This synthesis task review found no strong evidence but uncovered multiple pieces of moderate evidence as well as many weak evidence findings.

Moderate evidence for risk-benefit synthesis communications includes the following:

Presenting sets of risk and benefit probabilities in tables versus sentences does not seem to affect behavioral intentions (section 7A). However, people seem to prefer numbers in table format as opposed to in a sentence (section 9A).

Effectiveness feelings do not seem to be affected by whether or not narratives (e.g., personal experiences) are provided (section 6E).

Weak evidence regarding behavioral intentions for risk-benefit synthesis communications suggests the following:

Presenting benefits as a single-outcome icon arrays instead of a multioutcome icon array may increase behavioral intentions (section 7B).

Presenting adverse events as an icon array instead of 1-in-X numbers may increase behavioral intentions (section 7C).

In time-tradeoff communications, presenting options in life expectancy terms instead of percentage surviving may increase the choice of the option with higher long-term survival, while gain framing instead of loss framing may lead people to choose options with lower short-term survival but higher long-term survival (section 7F).

Framing benefits of interventions using gain frame only rather than loss frame or combination (gain plus loss) framing only may increase intentions to choose the intervention, while using mixed frames to describe harms of interventions may tend to lead people to choose the option that has the lowest chance of the negatively framed (loss-framed) outcome (section 7F).

Presenting treatment options in grouped icon arrays as opposed to random may increase intentions to select lower-risk treatment options (section 7B).

Providing average risk information showing someone is above-average risk may increase intentions to engage in risk-reducing behaviors (section 7E).

Behavioral intentions may not be affected by 1) adding absolute probability to risk/benefit rates (section 7A), 2) presenting tradeoffs in bar charts versus pie charts (Section 7B), or 3) including narratives or anecdotes (section 7F)

Weak evidence on other outcomes related to synthesis tasks:

In risk-benefit synthesis communications, people may tend to prefer gain-framed versus combination-framed icon arrays (sections 9B and 9F).

People may prefer grouped (static or animated) versus random (static or animated) icon arrays (sections 9B and 9I).

There may not be preference differences between risk-benefit synthesis communications using percentages or common-denominator rates per 10ⁿ (section 9A).

Adding pairs of percentages (i.e., chance of outcome with and without treatment) to an absolute difference as a rate per 10ⁿ as part of risk-benefit synthesis communications may not affect effectiveness feelings (section 6A).

Discussion

This article summarizes the available research involving probability synthesis tasks, in which readers evaluate and make decisions about sets of probabilities, such as the risks and benefits of a medical intervention or the set of side effects for a medication.
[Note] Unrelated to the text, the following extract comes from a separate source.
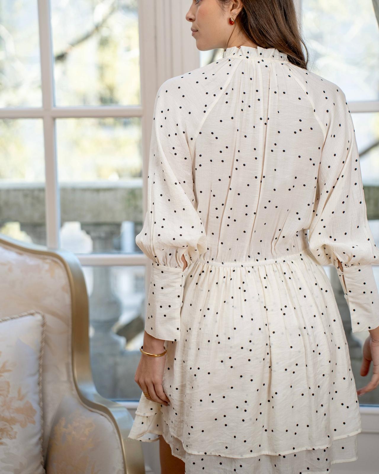 Vestido com estampado, manga comprida balão, cintura marcada, estilo romântico e elegante, Coleção Primavera 2026.

Synthesis tasks are inherently more complex than point tasks (which focus on single probabilities) and difference tasks are (involving pairs of probabilities or differences between probabilities), because readers must consider probability across multiple features, which may also differ in severity (for harms) or benefit (for benefits). The available synthesis task studies focused heavily on behavioral intention outcomes (61 findings) with a smaller number evaluating format preferences (17 findings), both of which involve holistic evaluation of the set of probability information. Only a few findings assessed effectiveness perceptions and/or feelings (6 findings), here measuring overall perceptions across multiple risks/benefits rather than a single pairwise comparison. We are only able to present insufficient findings regarding contrast, identification, and trust outcomes, and no studies evaluated recall, categorization, computation, or discrimination outcomes.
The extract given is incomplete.